Listed records:

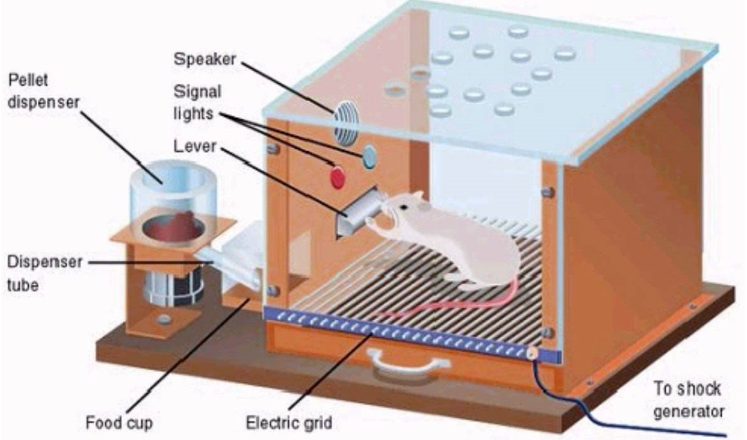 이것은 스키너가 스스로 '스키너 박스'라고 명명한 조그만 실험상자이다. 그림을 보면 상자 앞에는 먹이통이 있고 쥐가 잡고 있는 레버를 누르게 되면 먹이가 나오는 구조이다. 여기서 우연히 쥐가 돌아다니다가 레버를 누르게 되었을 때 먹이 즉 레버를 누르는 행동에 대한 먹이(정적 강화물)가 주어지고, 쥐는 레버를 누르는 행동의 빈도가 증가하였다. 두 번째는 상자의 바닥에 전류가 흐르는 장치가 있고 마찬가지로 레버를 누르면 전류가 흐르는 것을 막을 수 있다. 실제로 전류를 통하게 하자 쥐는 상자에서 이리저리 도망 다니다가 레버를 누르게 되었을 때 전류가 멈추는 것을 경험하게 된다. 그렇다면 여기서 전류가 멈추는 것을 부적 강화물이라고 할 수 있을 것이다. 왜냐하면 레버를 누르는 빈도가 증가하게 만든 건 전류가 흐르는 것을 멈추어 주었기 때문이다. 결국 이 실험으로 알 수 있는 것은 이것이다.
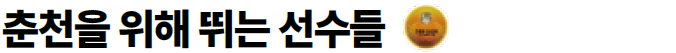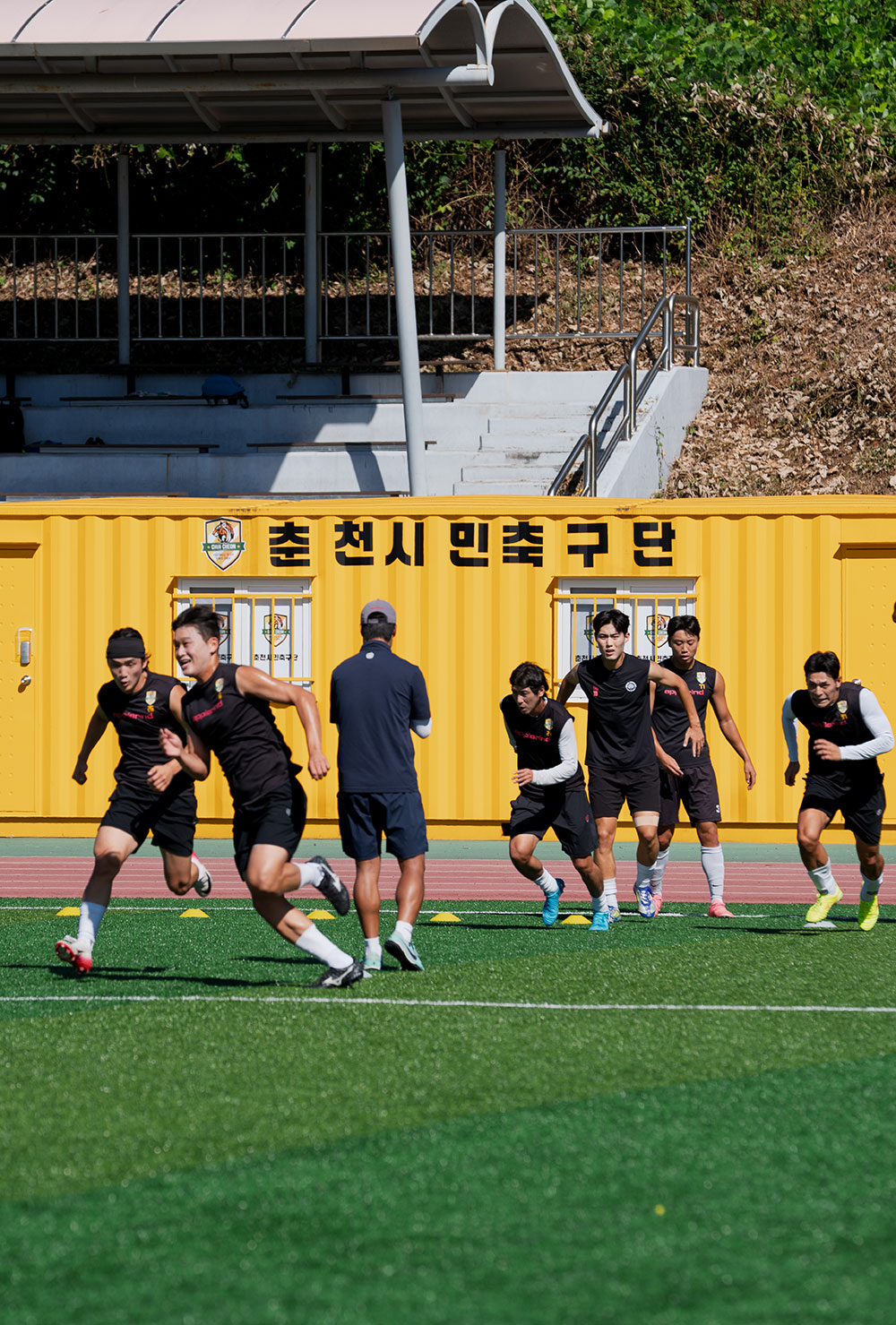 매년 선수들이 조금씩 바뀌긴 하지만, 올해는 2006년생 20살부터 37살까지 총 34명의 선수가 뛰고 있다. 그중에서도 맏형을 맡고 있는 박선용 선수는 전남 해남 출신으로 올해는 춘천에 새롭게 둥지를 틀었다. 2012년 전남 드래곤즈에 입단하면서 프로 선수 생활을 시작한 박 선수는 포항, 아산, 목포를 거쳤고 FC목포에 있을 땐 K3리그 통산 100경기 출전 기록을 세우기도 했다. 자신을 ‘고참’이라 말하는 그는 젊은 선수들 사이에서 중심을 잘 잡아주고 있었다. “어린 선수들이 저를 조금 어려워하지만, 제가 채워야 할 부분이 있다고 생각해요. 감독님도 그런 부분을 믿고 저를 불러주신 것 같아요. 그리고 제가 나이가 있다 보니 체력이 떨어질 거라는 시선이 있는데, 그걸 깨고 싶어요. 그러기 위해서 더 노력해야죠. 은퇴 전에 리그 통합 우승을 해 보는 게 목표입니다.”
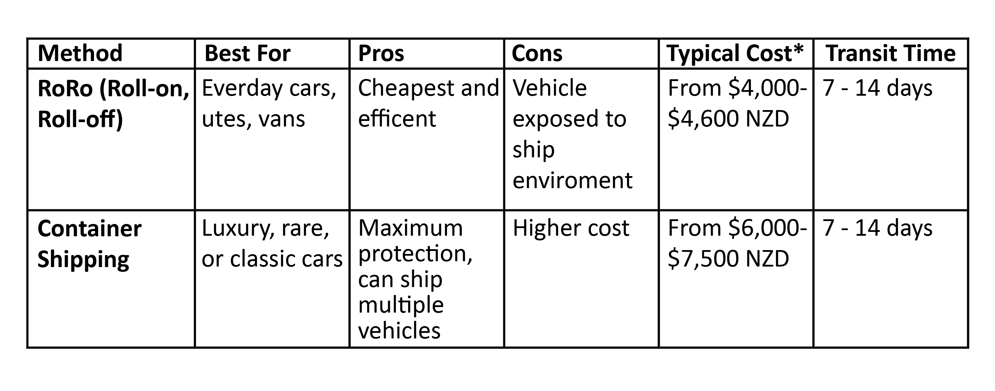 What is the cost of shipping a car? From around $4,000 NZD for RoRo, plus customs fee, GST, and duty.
* * *
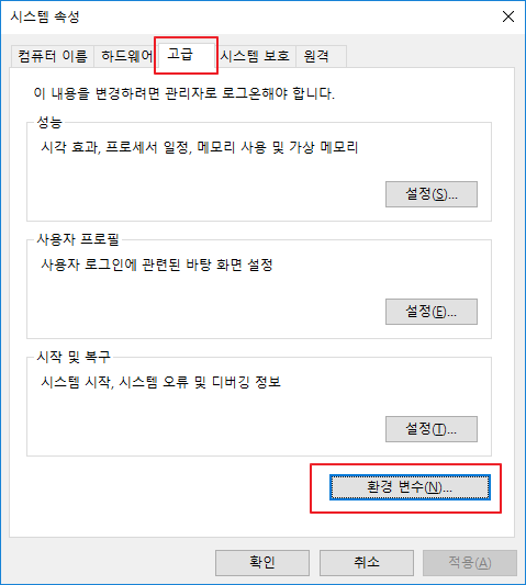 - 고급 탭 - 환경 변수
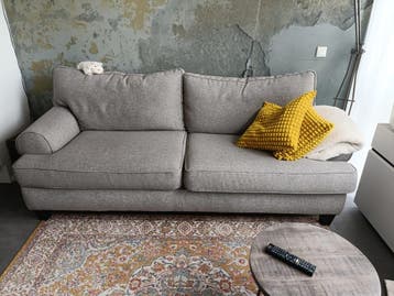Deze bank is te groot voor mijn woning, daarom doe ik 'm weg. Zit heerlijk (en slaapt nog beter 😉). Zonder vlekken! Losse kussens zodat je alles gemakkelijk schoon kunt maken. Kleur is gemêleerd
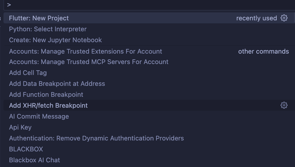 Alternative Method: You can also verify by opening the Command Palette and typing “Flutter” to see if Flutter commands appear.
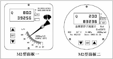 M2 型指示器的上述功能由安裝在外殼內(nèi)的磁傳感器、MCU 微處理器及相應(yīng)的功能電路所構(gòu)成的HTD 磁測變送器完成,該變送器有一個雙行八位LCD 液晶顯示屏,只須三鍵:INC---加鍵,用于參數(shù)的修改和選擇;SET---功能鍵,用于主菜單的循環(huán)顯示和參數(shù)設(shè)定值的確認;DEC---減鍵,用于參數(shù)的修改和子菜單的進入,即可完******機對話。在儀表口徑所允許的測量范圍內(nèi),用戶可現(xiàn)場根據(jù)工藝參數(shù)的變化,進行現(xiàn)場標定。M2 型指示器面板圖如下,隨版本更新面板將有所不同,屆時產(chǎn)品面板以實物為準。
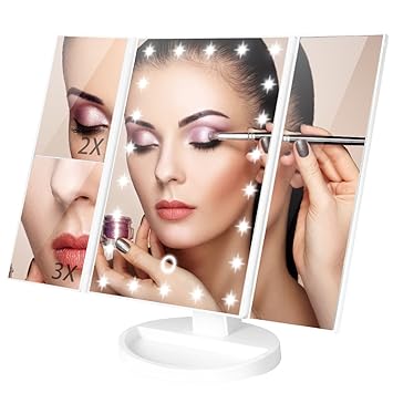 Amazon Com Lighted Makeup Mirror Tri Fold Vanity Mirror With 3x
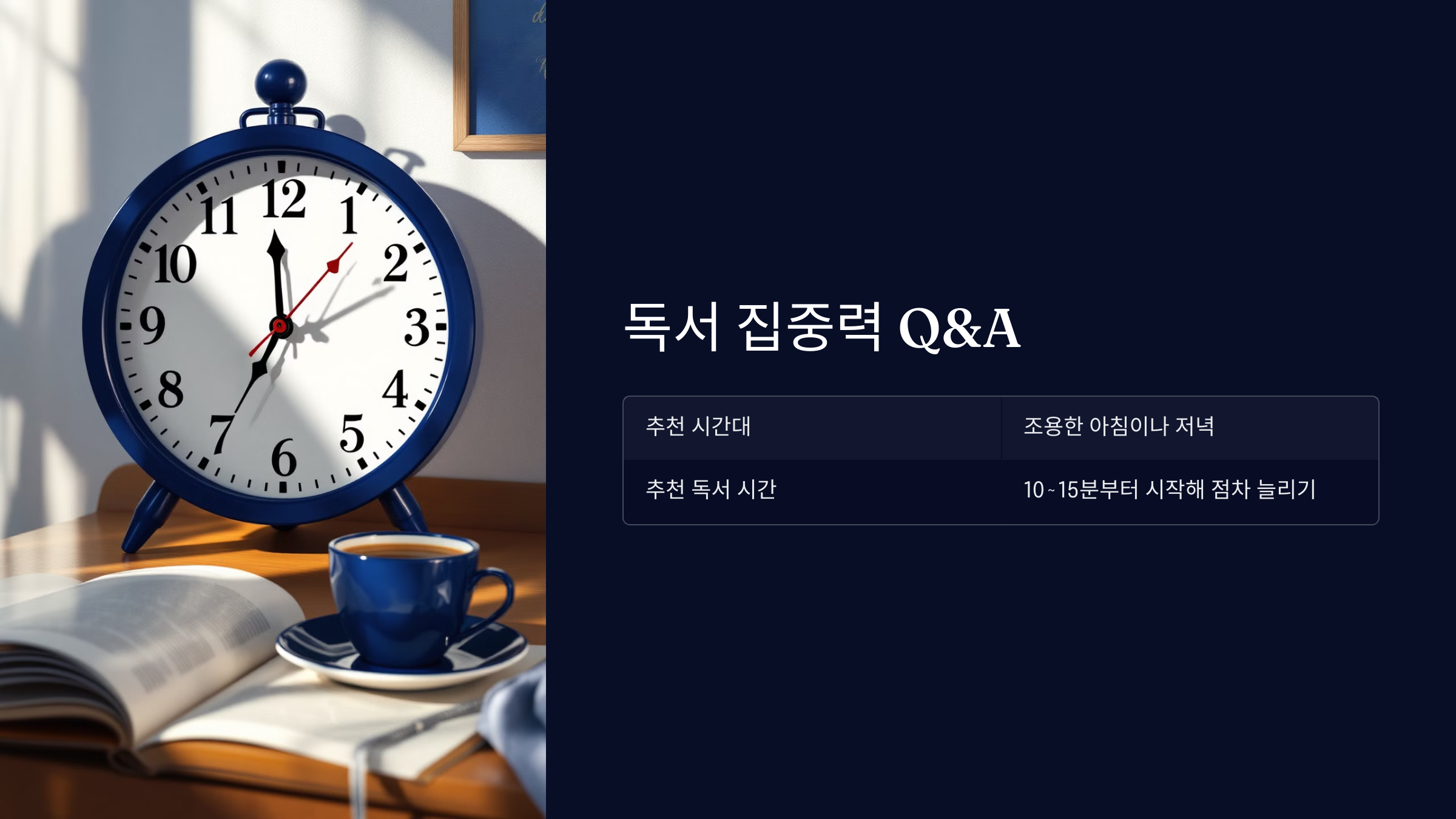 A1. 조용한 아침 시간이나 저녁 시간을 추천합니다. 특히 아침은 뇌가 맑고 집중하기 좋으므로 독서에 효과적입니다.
* * *
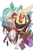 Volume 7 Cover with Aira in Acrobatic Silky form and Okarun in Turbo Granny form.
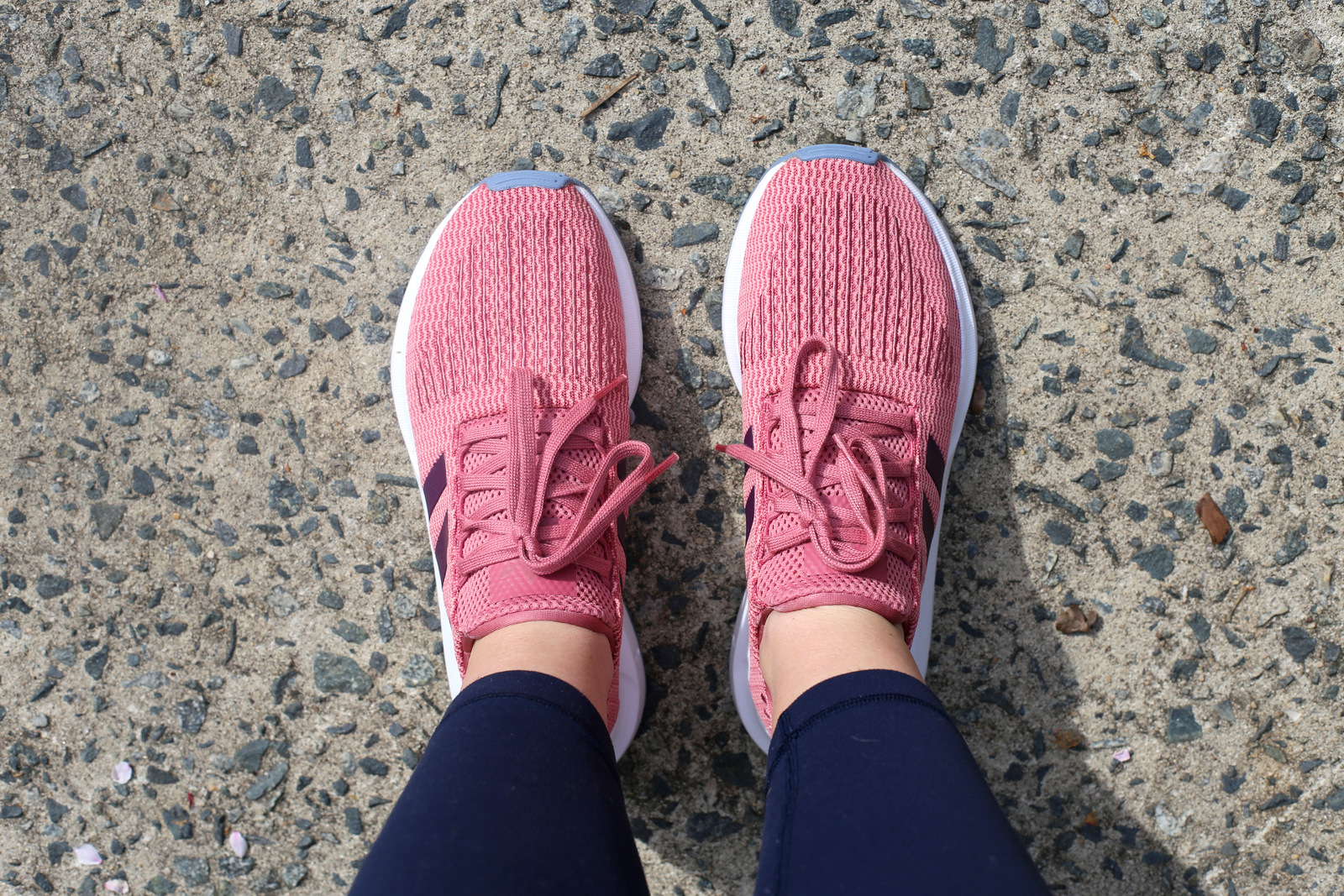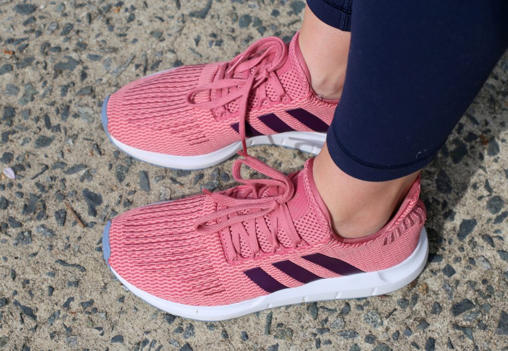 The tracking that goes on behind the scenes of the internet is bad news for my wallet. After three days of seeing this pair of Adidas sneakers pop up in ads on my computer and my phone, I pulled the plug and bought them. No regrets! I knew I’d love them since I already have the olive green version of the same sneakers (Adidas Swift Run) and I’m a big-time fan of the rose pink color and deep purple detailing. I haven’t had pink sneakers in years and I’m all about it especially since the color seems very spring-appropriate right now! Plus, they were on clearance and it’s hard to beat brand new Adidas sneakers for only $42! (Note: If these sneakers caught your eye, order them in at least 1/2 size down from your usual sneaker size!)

What you should do: Please copy the lines above exactly, starting at the line that holds "Alternative Method: You" and ending at the line that holds "A1. 조용한 아침 시간이나"; include both, but no pictures.

Reply to the exercise:
 Alternative Method: You can also verify by opening the Command Palette and typing “Flutter” to see if Flutter commands appear.
 M2 型指示器的上述功能由安裝在外殼內(nèi)的磁傳感器、MCU 微處理器及相應(yīng)的功能電路所構(gòu)成的HTD 磁測變送器完成,該變送器有一個雙行八位LCD 液晶顯示屏,只須三鍵:INC---加鍵,用于參數(shù)的修改和選擇;SET---功能鍵,用于主菜單的循環(huán)顯示和參數(shù)設(shè)定值的確認;DEC---減鍵,用于參數(shù)的修改和子菜單的進入,即可完******機對話。在儀表口徑所允許的測量范圍內(nèi),用戶可現(xiàn)場根據(jù)工藝參數(shù)的變化,進行現(xiàn)場標定。M2 型指示器面板圖如下,隨版本更新面板將有所不同,屆時產(chǎn)品面板以實物為準。
 Amazon Com Lighted Makeup Mirror Tri Fold Vanity Mirror With 3x
 A1. 조용한 아침 시간이나 저녁 시간을 추천합니다. 특히 아침은 뇌가 맑고 집중하기 좋으므로 독서에 효과적입니다.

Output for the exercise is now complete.